Selected works: February

2/4/2024

This month, we're focusing on materiality, and the tension between opposites that occur simultaneously in the artwork. It can be between inorganic and organic, hard and soft, beautiful and grotesque, fantasy and reality, and the list goes on.

Erika Stöckel (b. 1989, Kiruna, SE) holds a degree from the Art Academy in Oslo and the Academy of Fine Arts Umeå. She works mainly with ceramics, and her sculptures give a sense of organic growth in the form of effervescent ceramic forms built layer upon layer. The repressed body is in focus in Stöckel's work. The bulging sculptures act as a representation of the body, in which Stöckel ask questions about bodily self-image; her identity as Sami is an important element in this, and the works illustrate both shame and ownership of one's own body and identity. The question of a normative body and how we turn subject into object through our gaze is a pervasive theme in her practice.

Stöckel has been acquired by Public art agency, Sweden and Gothenburg Art, amongst others.

Hanne Friis (b. 1972, Oslo) is educated in painting and sculpture at the Art Academy in Trondheim. She is primarily known for her sensuous, abstract sculptures in various textile materials. A significant part of her fabrics are stained by plants through slow dyeing processes which give the surfaces a painterly expression. The sculptures are carefully crafted by hand with a distinctive stitching technique; with a small needle Friis transforms the material by folding and pressing the fabric into organic formations and complex structures that generate a sense of change and growth. The ambiguity in the relationship between form and materiality is a recurring theme.

Friis’ work is included in the collection of Haugar Art Museum, Tønsberg, Sørlandets Art Museum, Kristiansand, The Norwegian Government, Oslo, KODE Art Museum, Bergen, The National Museum, Oslo, The Museum of Decorative Arts, Trondheim, The Art Museum of Northern Norway, Tromsø, The Haugalandmuseum in Haugesund and The Arts Council, Norway as well as numerous private collections nationally and abroad.
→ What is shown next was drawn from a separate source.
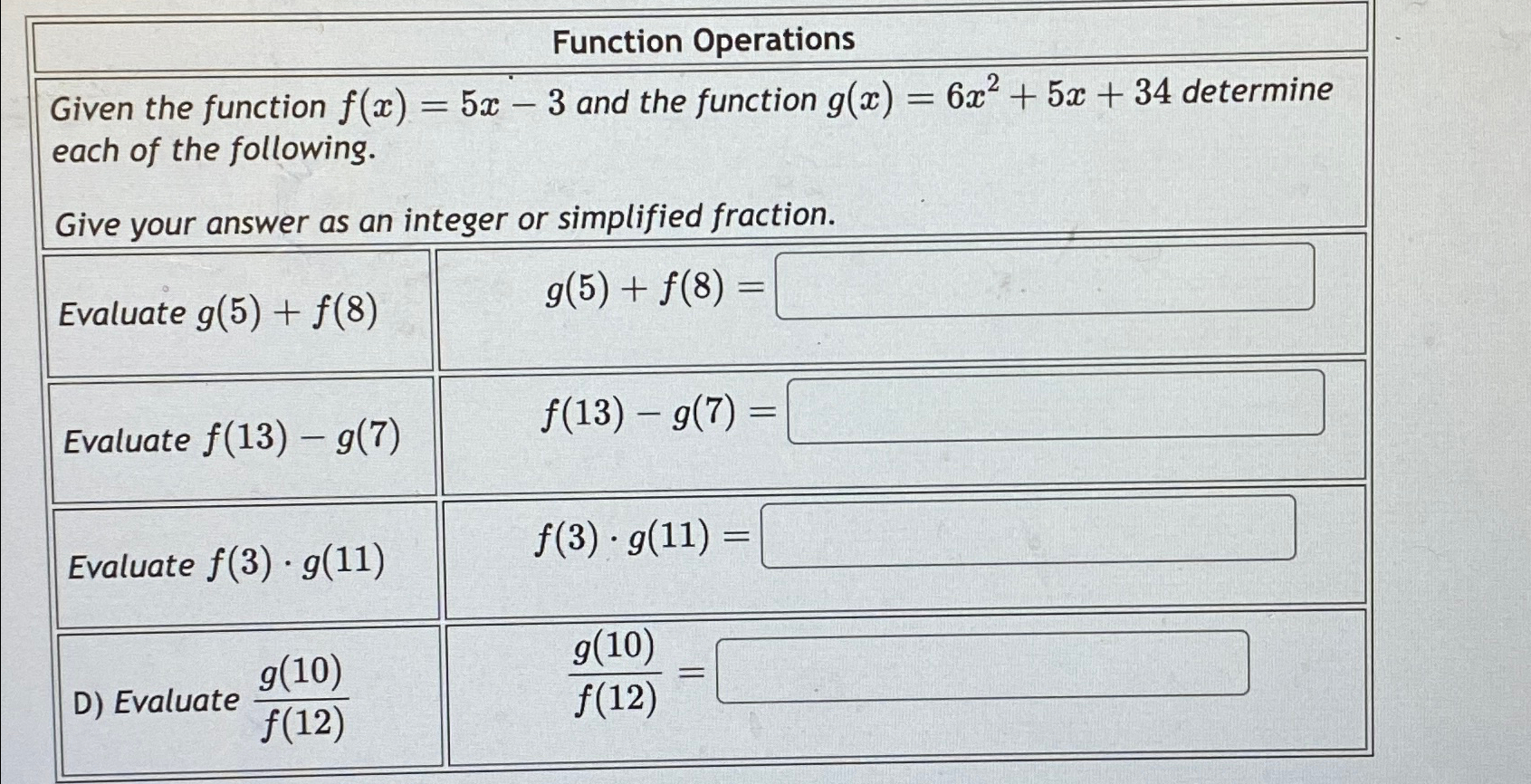 Solved Function OperationsGiven the function f(x)=5x-3 and | Chegg.com

Nebil Zaman (f.1985, Kurdistan, Iraq) has a degree in Furniture Design and Interior Architecture from Oslo National Academy of the Arts. In combining his background from traditional woodworking, advertising and furniture design with his childhood upbringing and experiences, Zaman explores how our surroundings affect us socially and culturally through the use of different materials, production techniques, and visual languages. His formal language and aesthetic stems from a fascination with ancient civilizations, archaeological encounters, science fiction and futuristic visions. The scope of his creative process focuses on the combination of digital fabrication and handcraft methods. Zaman is most intrigued by the materiality of plaster, as it provides an organic element of expression and a sense of freedom.

Zaman was awarded the ‘DOGA Award for Newcomers’ 2017 for his project “Personal Space”, a bench that invites to reflect on how we relate to one another. The piece was acquired by the National Museum of Norway in 2019.

Ali Gallefoss (b. 1989, Bergen) holds a degree in Furniture and Spatial Design from Bergen Academy of Fine Art and Design (2018) and the Oslo Academy of the Arts (2022). Gallefoss has early established himself as one of Norway's foremost designers and performing craftsmen, and was quickly noticed by well-known Norwegian designers such as Holzweiler and Snøhetta. In 2019, Gallefoss created a sculpture of superfluous scarves and cuts from the stone industry for the Norwegian clothing brand Holzweiler, which was later installed at Dover Street Market in Beijing. In 2020, he was selected to exhibit as part of Norwegian Presence 2020 at Salon Satelite in Milan. The same year he also won Bo Bedre's design award as the year's newcomer. In 2021, he worked with Snøhetta to create Holzweiler's new store in his hometown of Bergen and was later chosen to curate a jewelry exhibition for Oslo Fushion Festival called "Abstract Landscape" where he produced a number of works in stone, bronze, aluminum, glass and textile.

Gallefoss is acquired by Equinor Art Programme.

Pettersen & Hein is a collaboration between Lea Hein and Magnus Pettersen. Hein is a furniture designer educated at HDK Valand, University of Gothenburg in Sweden, and Pettersen is an artist educated at the Royal Danish Academy of Fine Arts.

What happens when design is no longer comprised by function, but longs for the aesthetic and ethical freedom of art? American artist Richard Artschwager once said, “If you sit on it, it’s a chair. If you walk around it and look at it, it’s a sculpture”. Some objects invite for different ways of living and using a space by paying homage to materials, color and form rather than functional use, thereby taking on a clear unique, bold position, the end-result often being intriguing and extraordinary. When boundaries between design and art are effaced potential for magic occurs.

Their different backgrounds and the goal of collaboration allow the duo to explore a new practice and experiment with beautiful and poetic results. The works are designs, but without the typical constraints of form and function. The aesthetic exploration free from rules and function, celebrating material, form, and color, enables them to create new sculptural forms. With their powerful works, they question the entire idea of product and art.